Martinize2 and Vermouth: Unified Framework for Topology Generation

  1. Groningen Biomolecular Sciences and Biotechnology Institute, University of Groningen, Groningen, Netherlands
  2. Heidelberg Institute for Theoretical Studies (HITS), Heidelberg, Germany
  3. Interdisciplinary Center for Scientific Computing, Heidelberg University, Heidelberg, Germany
  4. CiTIUS Intelligent Technologies Research Centre,, Santiago de Compostela, Spain
  5. Laboratoire de Biologie et Modélisation de la Cellule, CNRS, UMR 5239, Inserm, U1293, Université Claude Bernard Lyon 1, Ecole Normale Supérieure de Lyon, Lyon, France
  6. Centre Blaise Pascal de Simulation et de Modélisation Numérique, Ecole Normale Supérieure de Lyon, Lyon, France

Peer review process

Revised: This Reviewed Preprint has been revised by the authors in response to the previous round of peer review; the eLife assessment and the public reviews have been updated where necessary by the editors and peer reviewers.

Read more about eLife’s peer review process.

Editors

  • Reviewing Editor
    Qiang Cui
    Boston University, Boston, United States of America
  • Senior Editor
    Qiang Cui
    Boston University, Boston, United States of America

Reviewer #1 (Public review):

Summary:

In this study, the authors provide a new computational platform called Vermouth to automate topology generation, a crucial step that any biomolecular simulation starts with. Given a wide arrange of chemical structures that need to be simulated, varying qualities of structural models as inputs obtained from various sources, and diverse force fields and molecular dynamics engines employed for simulations, automation of this fundamental step is challenging, especially for complex systems and in case that there is a need to conduct high-throughput simulations in the application of computer-aided drug design (CADD). To overcome this challenge, the authors develop a programing library composed of components that carry out various types of fundamental functionalities that are commonly encountered in topological generation. These components are intended to be general for any type of molecules and not to depend on any specific force field and MD engines. To demonstrate the applicability of this library, the authors employ those components to reassemble a pipeline called Martinize2 used in topology generation for simulations with a widely used coarse-grained model (CG) MARTINI. This pipeline can fully recapitulate the functionality of its original version Martinize but exhibit greatly enhanced generality, as confirmed by the ability of the pipeline to faithfully generate topologies for two high-complexity benchmarking sets of proteins.

Strengths:

The main strength of this work is the use of concepts and algorithms associated with induced subgraph in graph theory to automate several key but non-trivial steps of topology generation such as the identification of monomer residue units (MRU), the repair of input structures with missing atoms, the mapping of topologies between different resolutions, and the generation of parameters needed for describing interactions between MRUs. In addition, the documentation website provided by the authors is very informative, allowing users to get quickly started with Vermouth.

Weaknesses:

Although the Vermouth library can work for different force fields, exhibiting certain generality, its application has been demonstrated only with GROMACS. The extension of the library to other major MD engines could be future directions for improvement but may not be needed for this study.

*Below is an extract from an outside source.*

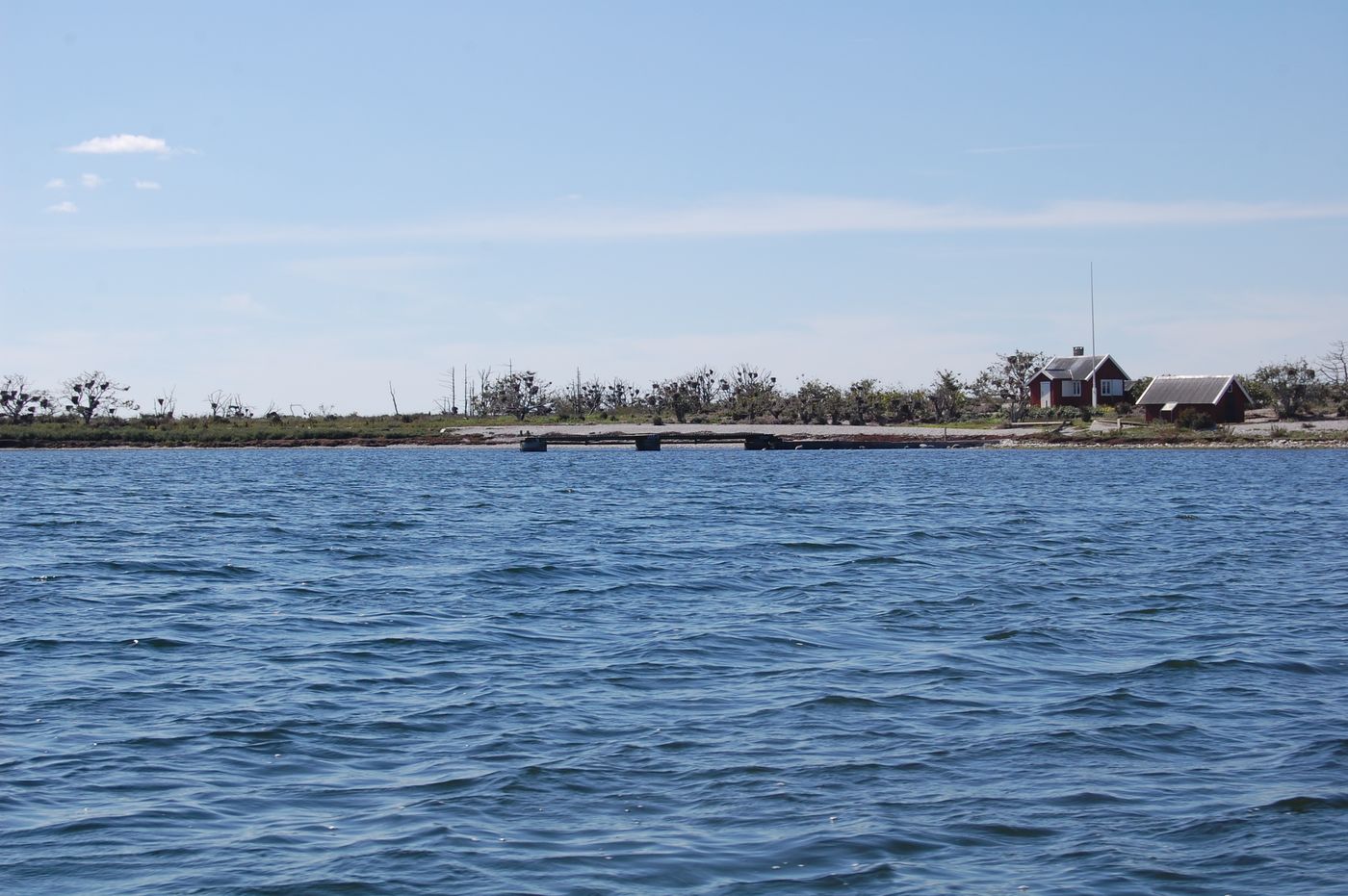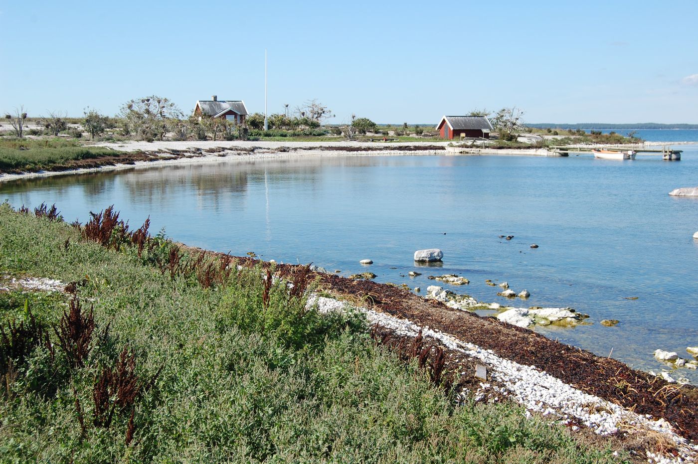 Sen åkte vi till Skarpholmen. Där åt vi matsäck på stocken ovanför bryggan och njöt av det fina vädret med glitter i vattnet. Vi såg till jaktstugan och bestämde oss för att bomma igen den för säsongen, för vi trodde att sommaren strax skulle vara slut. Men den varade i 5 veckor till och andra som åkte ut senare fick låsa upp för dagen. Vi gick sen runt och samlade upp skräp. Det blev trots allt en hel del, mest flaskor och plastförpackningar.

Reviewer #2 (Public review):

This work introduces a Vermouth library framework to enhance software development within the Martini community. Specifically, it presents a Vermouth-powered program, Martinize2, for generating coarse-grained structures and topologies from atomistic structures. In addition to introducing the Vermouth library and the Martinize2 program, this paper illustrates how Martinize2 identifies atoms, maps them to the Martini model, generates topology files, and identifies protonation states or post-translational modifications. Compared with the prior version, the authors provide a new figure to show that Martinize2 can be applied to various molecules, such as proteins, cofactors, and lipids. To demonstrate the general application, Martinize2 was used for converting 73% of 87,084 protein structures from the template library, with failed cases primarily blamed on missing coordinates.

I appreciate the changes that the authors made to clarify the novelty. I have no doubt this paper will receive attention and citations.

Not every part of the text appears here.